══ DATA TO USE ══

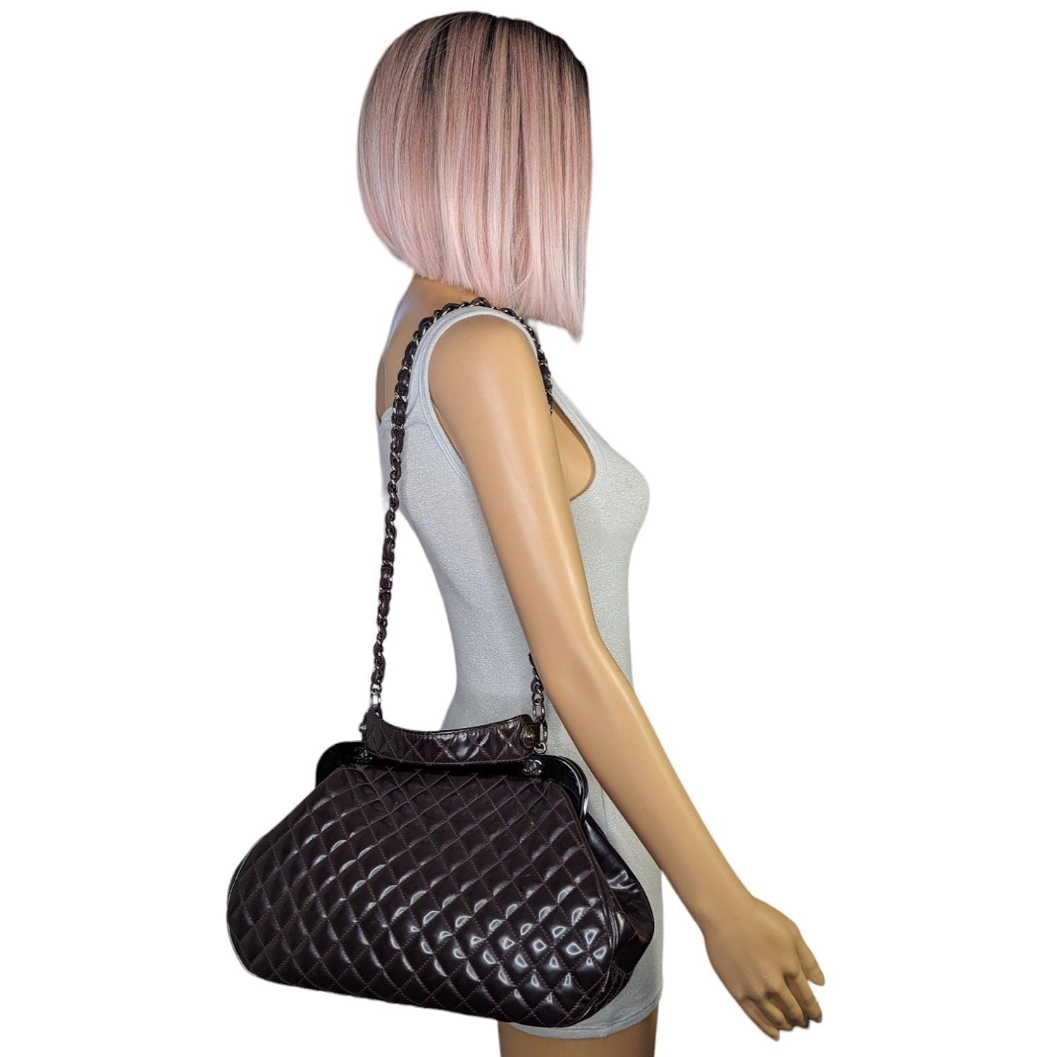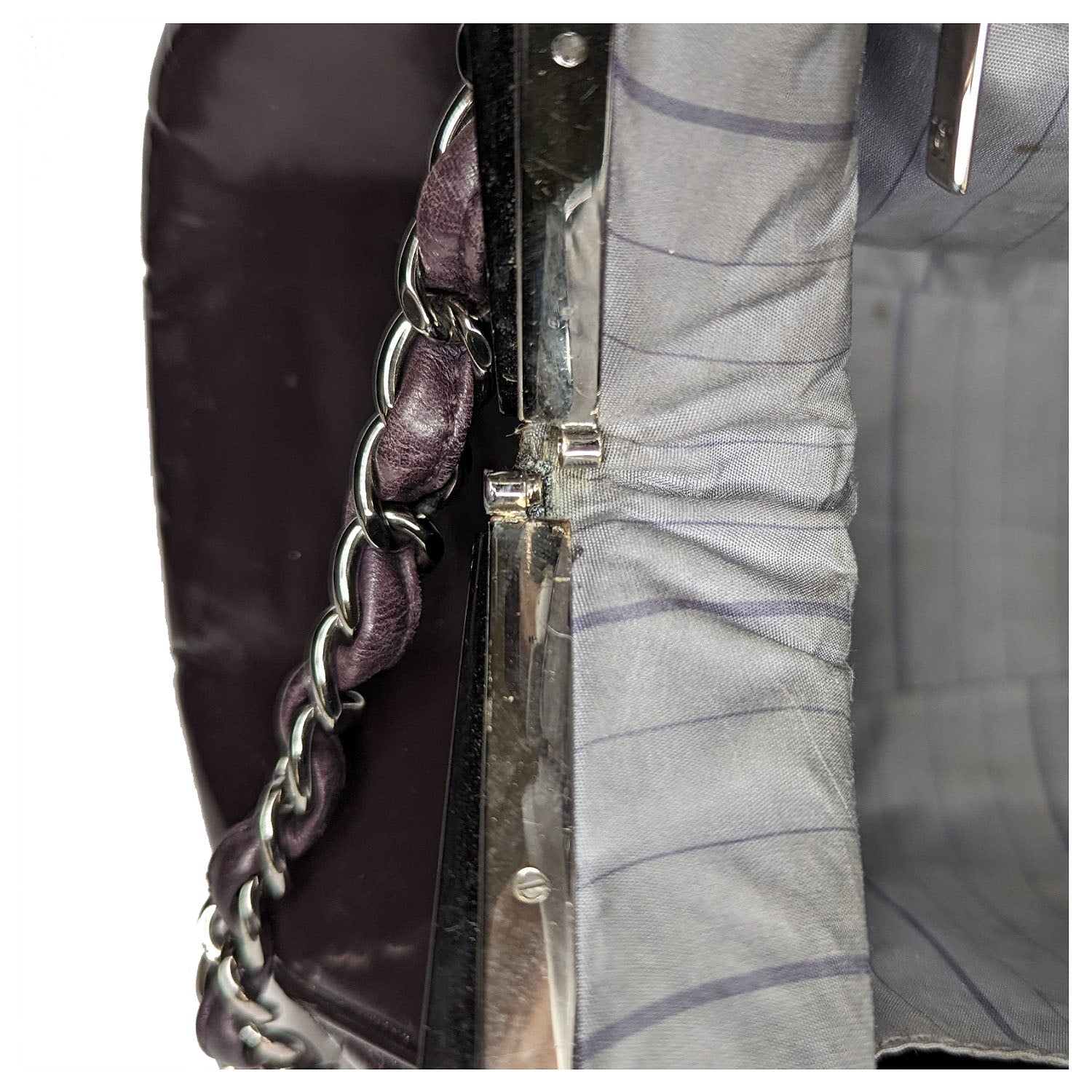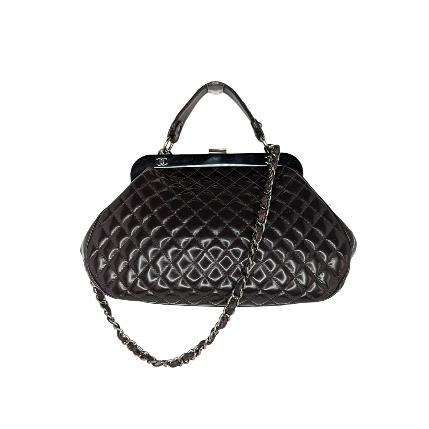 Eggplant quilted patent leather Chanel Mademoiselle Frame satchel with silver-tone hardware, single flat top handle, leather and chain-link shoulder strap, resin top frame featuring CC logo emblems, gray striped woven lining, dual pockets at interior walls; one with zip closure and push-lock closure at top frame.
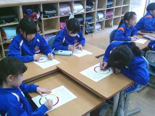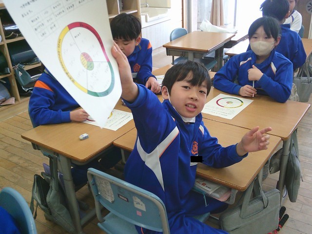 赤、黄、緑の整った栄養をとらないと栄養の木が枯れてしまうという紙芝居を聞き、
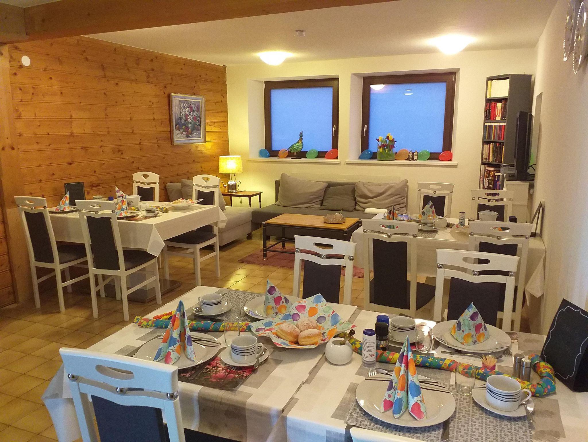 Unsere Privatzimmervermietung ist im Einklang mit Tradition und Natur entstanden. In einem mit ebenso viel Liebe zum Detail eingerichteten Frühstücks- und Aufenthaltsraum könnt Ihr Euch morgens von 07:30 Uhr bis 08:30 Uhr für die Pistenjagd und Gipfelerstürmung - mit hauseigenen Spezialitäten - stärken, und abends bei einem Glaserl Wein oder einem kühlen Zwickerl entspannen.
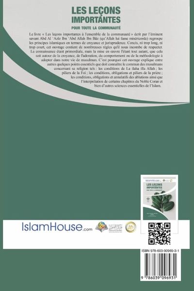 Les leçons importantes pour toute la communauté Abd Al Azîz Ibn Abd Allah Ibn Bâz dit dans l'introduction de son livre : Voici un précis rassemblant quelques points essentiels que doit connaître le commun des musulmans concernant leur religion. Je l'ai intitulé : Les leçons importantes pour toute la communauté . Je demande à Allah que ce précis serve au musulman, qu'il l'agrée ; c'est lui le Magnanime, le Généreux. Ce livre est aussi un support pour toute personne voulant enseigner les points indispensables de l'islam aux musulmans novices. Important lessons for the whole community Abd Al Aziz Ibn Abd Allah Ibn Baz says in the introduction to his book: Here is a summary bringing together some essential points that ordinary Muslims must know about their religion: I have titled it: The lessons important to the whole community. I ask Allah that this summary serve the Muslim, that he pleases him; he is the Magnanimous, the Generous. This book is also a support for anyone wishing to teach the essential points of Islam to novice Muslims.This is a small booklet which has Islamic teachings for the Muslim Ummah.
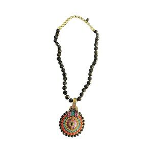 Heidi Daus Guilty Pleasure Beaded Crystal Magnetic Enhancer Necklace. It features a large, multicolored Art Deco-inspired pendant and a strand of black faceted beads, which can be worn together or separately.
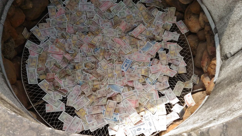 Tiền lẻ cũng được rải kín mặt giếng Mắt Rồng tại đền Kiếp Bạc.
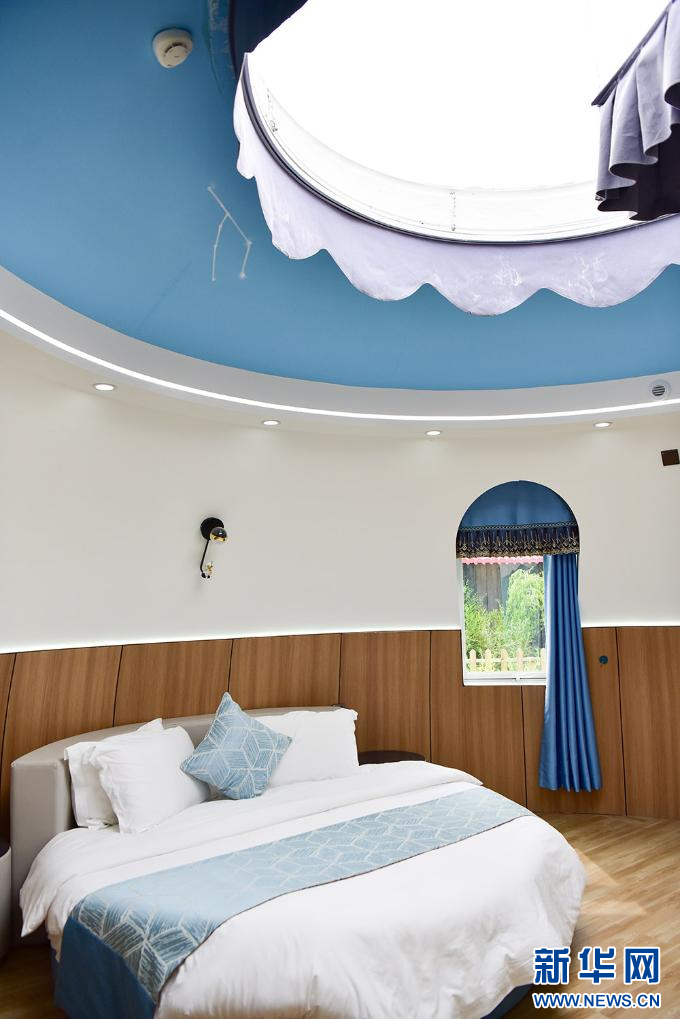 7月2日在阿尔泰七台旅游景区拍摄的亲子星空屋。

═══
══ DATA TO USE ══

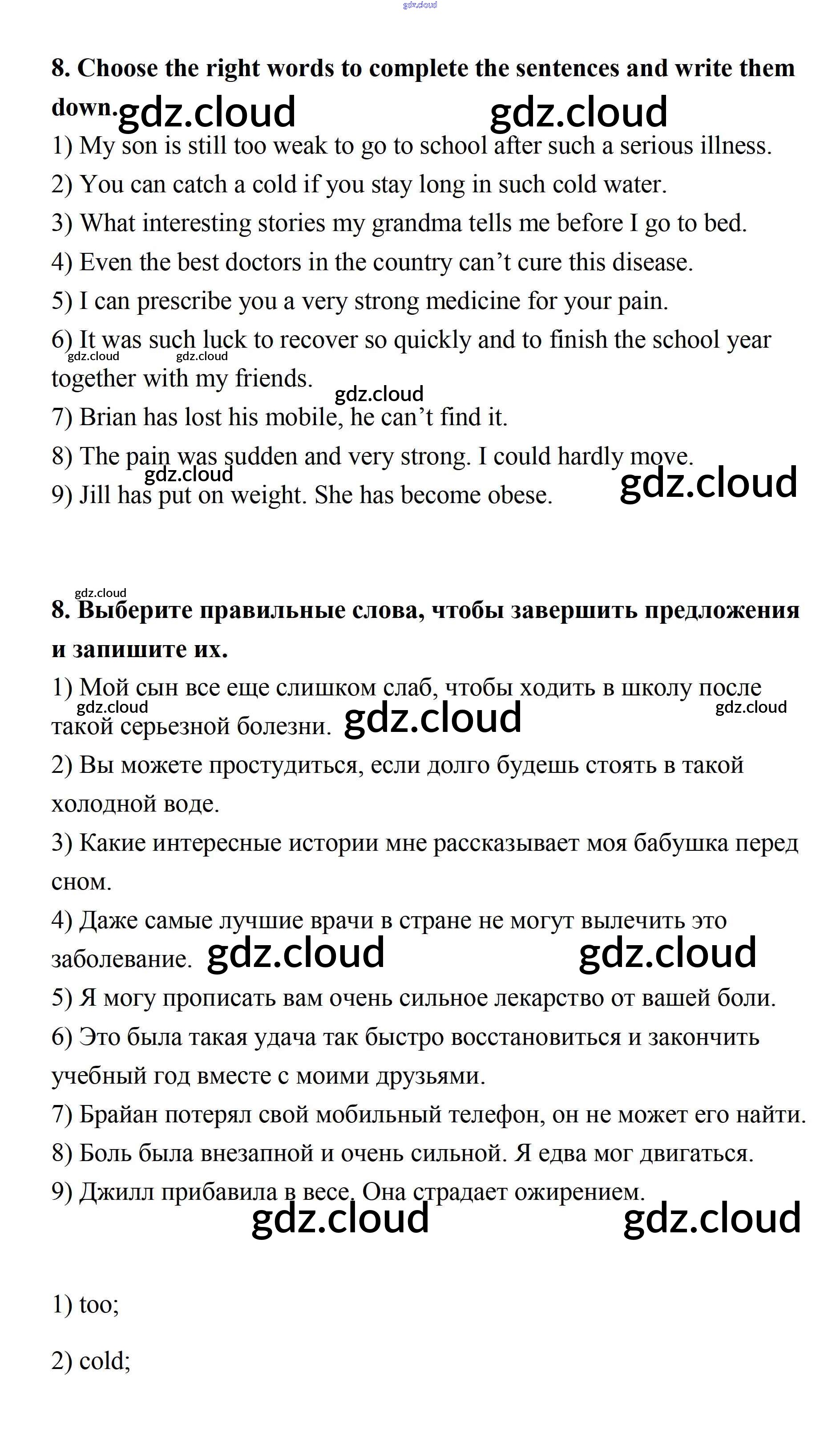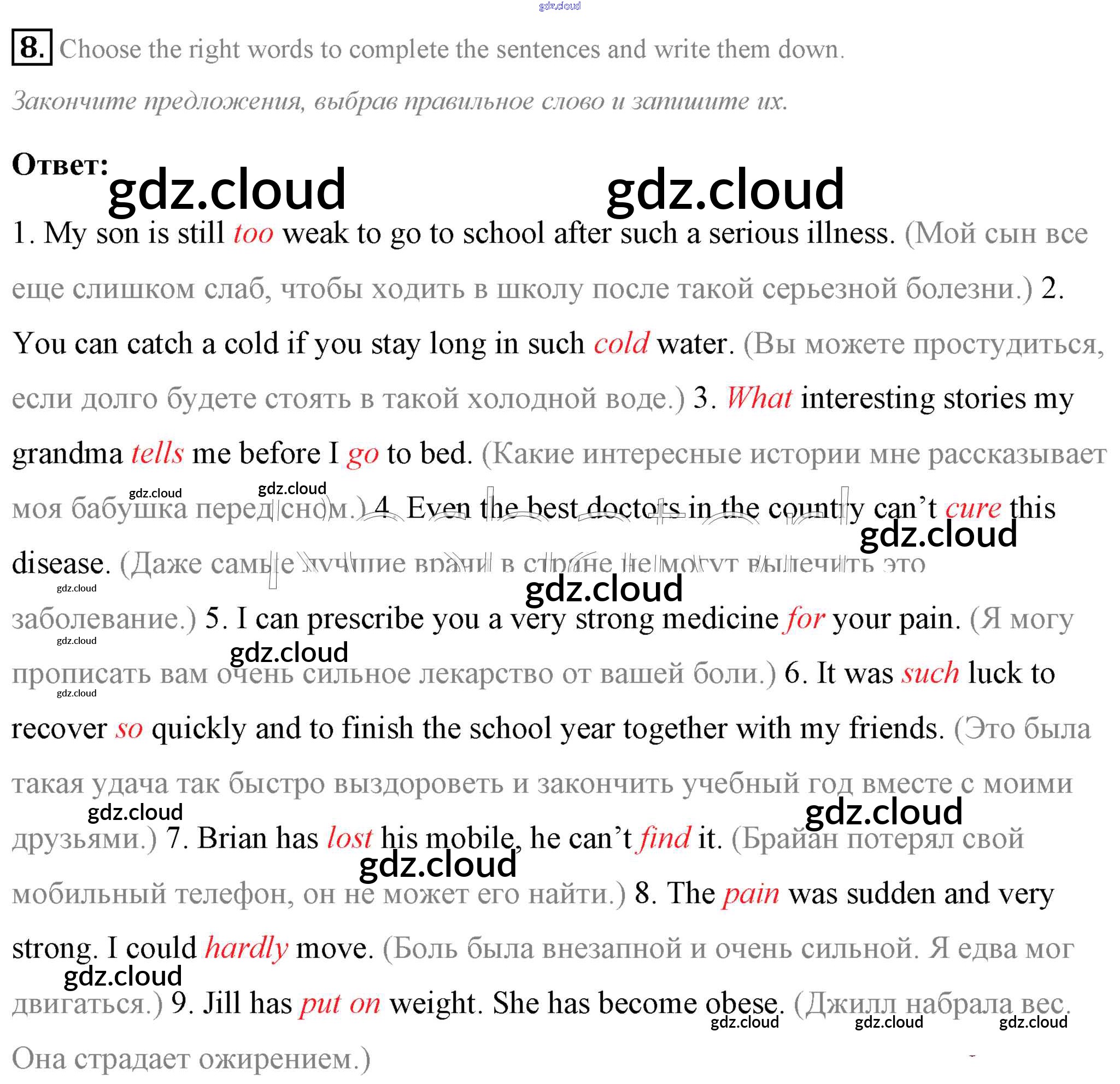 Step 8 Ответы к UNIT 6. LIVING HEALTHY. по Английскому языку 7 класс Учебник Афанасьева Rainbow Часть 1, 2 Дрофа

═══

▶ [ASSIGNED TASK] From the material above, give again exactly the lines from the one that contains "Les leçons importantes pour toute la communauté Abd" through the one that contains "7月2日在阿尔泰七台旅游景区拍摄的亲子星空屋。", and leave out the pictures.

▶ [REPLY TO THE TASK]
 Les leçons importantes pour toute la communauté Abd Al Azîz Ibn Abd Allah Ibn Bâz dit dans l'introduction de son livre : Voici un précis rassemblant quelques points essentiels que doit connaître le commun des musulmans concernant leur religion. Je l'ai intitulé : Les leçons importantes pour toute la communauté . Je demande à Allah que ce précis serve au musulman, qu'il l'agrée ; c'est lui le Magnanime, le Généreux. Ce livre est aussi un support pour toute personne voulant enseigner les points indispensables de l'islam aux musulmans novices. Important lessons for the whole community Abd Al Aziz Ibn Abd Allah Ibn Baz says in the introduction to his book: Here is a summary bringing together some essential points that ordinary Muslims must know about their religion: I have titled it: The lessons important to the whole community. I ask Allah that this summary serve the Muslim, that he pleases him; he is the Magnanimous, the Generous. This book is also a support for anyone wishing to teach the essential points of Islam to novice Muslims.This is a small booklet which has Islamic teachings for the Muslim Ummah.
 Heidi Daus Guilty Pleasure Beaded Crystal Magnetic Enhancer Necklace. It features a large, multicolored Art Deco-inspired pendant and a strand of black faceted beads, which can be worn together or separately.
 Tiền lẻ cũng được rải kín mặt giếng Mắt Rồng tại đền Kiếp Bạc.
 7月2日在阿尔泰七台旅游景区拍摄的亲子星空屋。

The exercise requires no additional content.